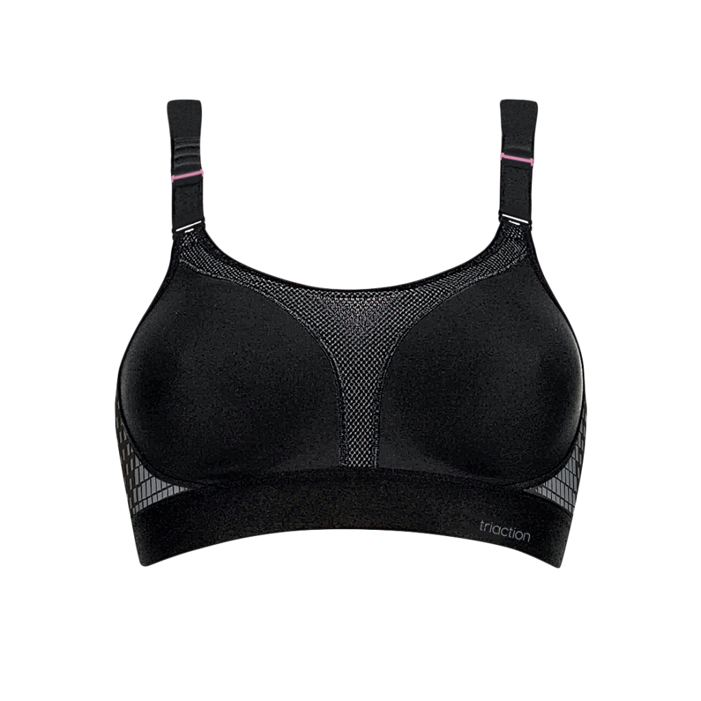 Sportovní podprsenka Triumph Triaction vhodná pro extrémní zátěžové aktivity, ideální top do fitka. Nastavitelná délka ramínek jak na zádech, tak i ve předu , vypodložená ramínka je možné přepnout na zádech do kříže. Podprsenka má na zádech zapínání. Pečlivě rozmístěné funkční zóny poskytují maximální svobodu pohybu a zároveň příjemný svěží pocit. Extrémně lehký, jemný rychle schnoucí materiál, perfektní regulace teploty, vysoká prodyšnost, maximální podpora proti nárazům i pro veké poprsí (podpora o 77% větší oproti běžným typům podprsenek - testováno na University of Portsmouth). Antibakteriální, měkká vlákna testovaná pro citlivou pokožku. Háčky neobsahují nikl. Vyrábí se ve velikostech košíčků B v obvodech 75 až 85, v košíčcích C až G v obvodech 70 až 85, materiálové složení: 79% Polyamid, 21% Elastan.
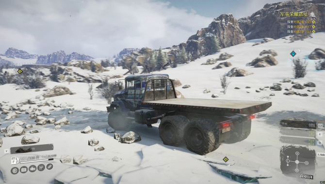 将两辆车都复原到车库后,将泰嘉的轮胎换成全地形,并安装地震模块,完成合约-泰加石油的地理探索、地平线之外,前往采石场后沿主路前往奇姆讷古尔斯科,去地图最北方的山上寻找TUZ 420 "Tatarin" ,至此准备工作结束。以鞑靼开图收集,以亚速6和泰嘉拉货做任务(合约相当于主线,任务相当于支线),千万记得要想富先修路!
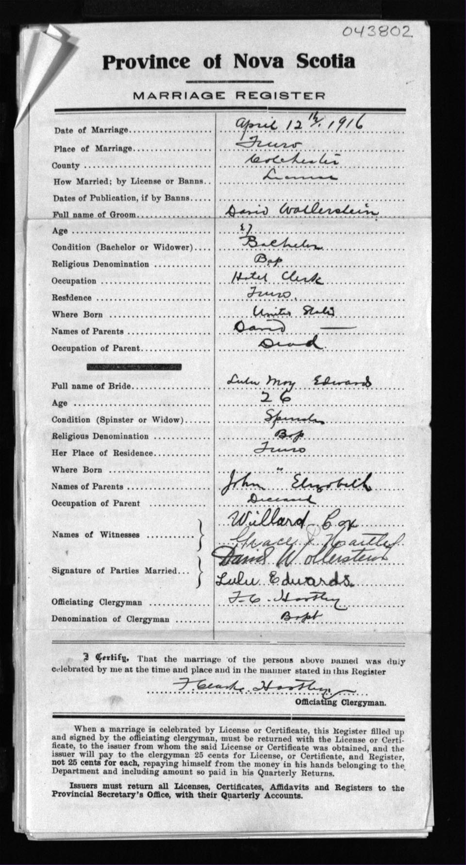 Registration: Year: 1916 number: 43802
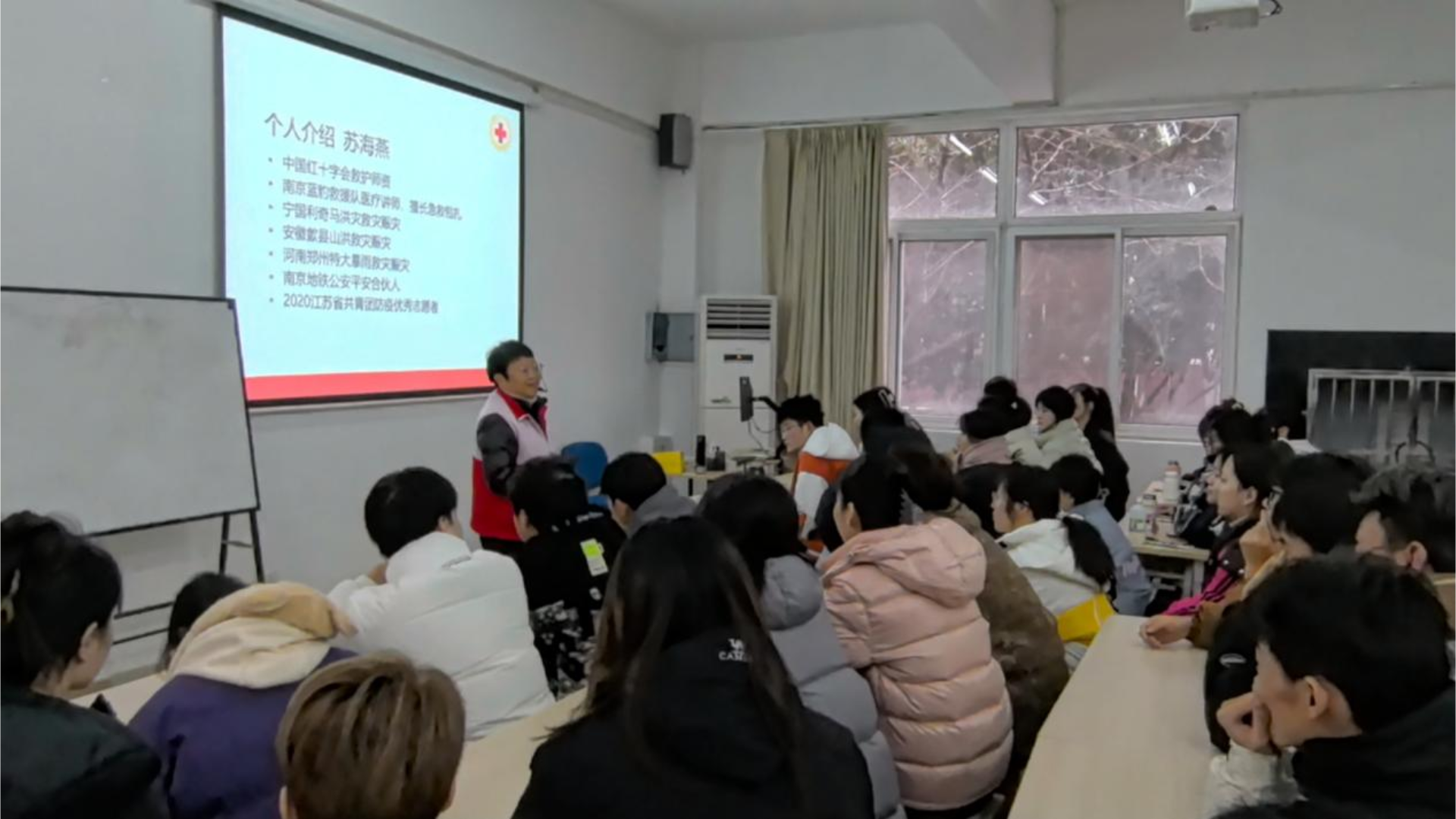 中国蓝豹(南京)救援队教官徐海、中国蓝豹(南京)救援队应急救护员苏海燕分别围绕心脏骤停现场心肺复苏术、自动体外除颤仪(AED)的使用、气道异物阻塞、伤口的包扎以及突发状况急救等内容进行了详细的讲解和现场演示,并指导学生运用CPR操作模拟假人、自动体外除颤仪(AED)、三角巾、绷带、敷料等包扎物品进行实操演练,以生动的语言,真实的案例为同学们上了一堂专业全面的急救课程。
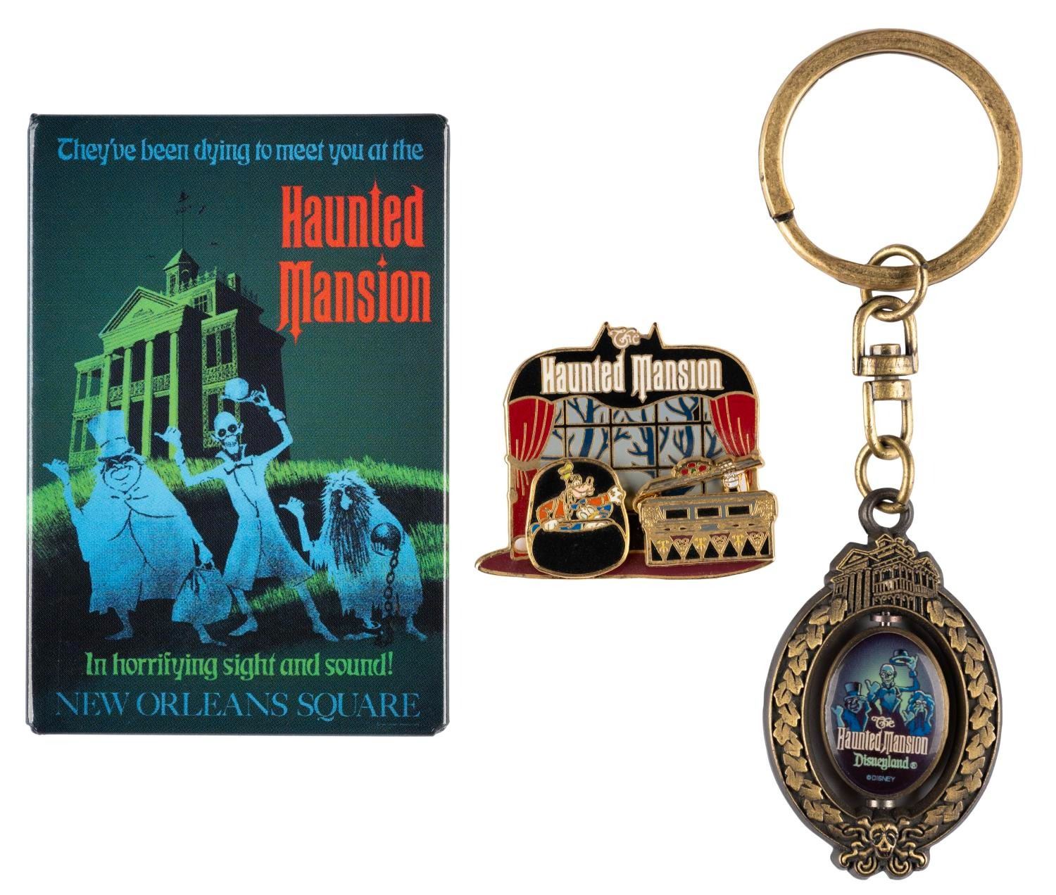(Disneyland, 2000s) A collection of Haunted Mansion souvenirs including an attraction poster magnet, a keychain with spinner feature, and a 2002 pin featuring Goofy and Donald in a doom buggy with a moving coffin lid. The collectibles are in very good condition with light handling wear to the pin.

..........

Instructions to follow: Reproduce the listing above from the line that holds "Registration: Year: 1916 number: 43802" through the line that holds "中国蓝豹(南京)救援队教官徐", both included, with the pictures left out.

Response box:
 Registration: Year: 1916 number: 43802
 中国蓝豹(南京)救援队教官徐海、中国蓝豹(南京)救援队应急救护员苏海燕分别围绕心脏骤停现场心肺复苏术、自动体外除颤仪(AED)的使用、气道异物阻塞、伤口的包扎以及突发状况急救等内容进行了详细的讲解和现场演示,并指导学生运用CPR操作模拟假人、自动体外除颤仪(AED)、三角巾、绷带、敷料等包扎物品进行实操演练,以生动的语言,真实的案例为同学们上了一堂专业全面的急救课程。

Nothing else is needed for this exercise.